Records from a data source
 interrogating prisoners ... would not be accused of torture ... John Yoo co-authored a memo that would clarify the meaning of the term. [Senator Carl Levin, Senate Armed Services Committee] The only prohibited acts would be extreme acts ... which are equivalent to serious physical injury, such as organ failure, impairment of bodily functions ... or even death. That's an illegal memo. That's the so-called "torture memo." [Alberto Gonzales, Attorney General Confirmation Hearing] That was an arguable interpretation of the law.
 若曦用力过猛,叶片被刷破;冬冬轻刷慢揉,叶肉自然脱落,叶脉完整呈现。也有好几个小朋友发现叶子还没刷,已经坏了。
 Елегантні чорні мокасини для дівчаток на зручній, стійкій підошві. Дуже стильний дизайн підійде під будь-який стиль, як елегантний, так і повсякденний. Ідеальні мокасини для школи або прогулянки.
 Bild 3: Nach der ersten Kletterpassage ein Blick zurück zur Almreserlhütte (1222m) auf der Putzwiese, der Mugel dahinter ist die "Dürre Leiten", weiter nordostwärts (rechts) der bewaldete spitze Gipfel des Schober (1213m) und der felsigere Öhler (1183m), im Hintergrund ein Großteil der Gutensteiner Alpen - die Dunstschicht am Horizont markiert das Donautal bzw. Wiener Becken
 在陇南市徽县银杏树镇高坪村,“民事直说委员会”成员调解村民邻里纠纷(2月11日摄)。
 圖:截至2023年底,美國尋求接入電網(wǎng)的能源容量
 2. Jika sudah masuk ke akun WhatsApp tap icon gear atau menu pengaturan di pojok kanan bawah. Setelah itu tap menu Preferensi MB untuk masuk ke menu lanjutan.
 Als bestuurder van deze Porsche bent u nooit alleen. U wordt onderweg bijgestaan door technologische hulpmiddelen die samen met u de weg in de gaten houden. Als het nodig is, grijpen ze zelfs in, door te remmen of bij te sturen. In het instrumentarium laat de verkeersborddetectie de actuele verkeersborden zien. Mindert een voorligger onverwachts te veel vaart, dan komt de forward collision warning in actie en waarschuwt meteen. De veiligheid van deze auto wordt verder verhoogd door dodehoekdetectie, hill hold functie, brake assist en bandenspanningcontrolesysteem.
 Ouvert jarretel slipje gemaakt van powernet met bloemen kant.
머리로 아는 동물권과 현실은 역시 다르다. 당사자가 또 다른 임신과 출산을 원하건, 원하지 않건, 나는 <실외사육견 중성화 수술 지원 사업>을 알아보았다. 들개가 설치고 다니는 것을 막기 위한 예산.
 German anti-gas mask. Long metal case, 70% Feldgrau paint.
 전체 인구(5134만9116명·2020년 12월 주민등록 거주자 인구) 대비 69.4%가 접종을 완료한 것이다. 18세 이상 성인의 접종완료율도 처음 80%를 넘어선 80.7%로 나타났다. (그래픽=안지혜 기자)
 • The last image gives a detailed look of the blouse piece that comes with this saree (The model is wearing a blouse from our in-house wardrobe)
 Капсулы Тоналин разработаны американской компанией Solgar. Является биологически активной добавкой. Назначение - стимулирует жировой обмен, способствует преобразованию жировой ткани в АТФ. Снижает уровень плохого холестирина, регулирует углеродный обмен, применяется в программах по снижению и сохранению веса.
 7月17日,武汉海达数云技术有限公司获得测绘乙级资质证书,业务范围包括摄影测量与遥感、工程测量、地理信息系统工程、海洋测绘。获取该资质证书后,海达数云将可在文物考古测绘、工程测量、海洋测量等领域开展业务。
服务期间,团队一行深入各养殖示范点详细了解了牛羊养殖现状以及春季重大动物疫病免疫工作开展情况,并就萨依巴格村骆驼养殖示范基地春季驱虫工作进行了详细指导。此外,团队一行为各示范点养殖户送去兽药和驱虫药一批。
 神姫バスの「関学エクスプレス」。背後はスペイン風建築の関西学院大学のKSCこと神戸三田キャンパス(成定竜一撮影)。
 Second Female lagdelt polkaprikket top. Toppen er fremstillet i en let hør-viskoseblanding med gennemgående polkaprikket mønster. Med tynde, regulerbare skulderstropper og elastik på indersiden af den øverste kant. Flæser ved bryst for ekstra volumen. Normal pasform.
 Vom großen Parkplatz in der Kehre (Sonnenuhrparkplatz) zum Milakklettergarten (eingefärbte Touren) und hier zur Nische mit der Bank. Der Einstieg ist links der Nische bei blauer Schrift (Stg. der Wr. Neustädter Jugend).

* What needs to be done:
Taking the entries above, write out exactly the lines starting with the line containing "Капсулы Тоналин разработаны" and going on through the line containing "7月17日,武汉海达数云技术", both included, and nothing else.

* Your solution:
 Капсулы Тоналин разработаны американской компанией Solgar. Является биологически активной добавкой. Назначение - стимулирует жировой обмен, способствует преобразованию жировой ткани в АТФ. Снижает уровень плохого холестирина, регулирует углеродный обмен, применяется в программах по снижению и сохранению веса.
 7月17日,武汉海达数云技术有限公司获得测绘乙级资质证书,业务范围包括摄影测量与遥感、工程测量、地理信息系统工程、海洋测绘。获取该资质证书后,海达数云将可在文物考古测绘、工程测量、海洋测量等领域开展业务。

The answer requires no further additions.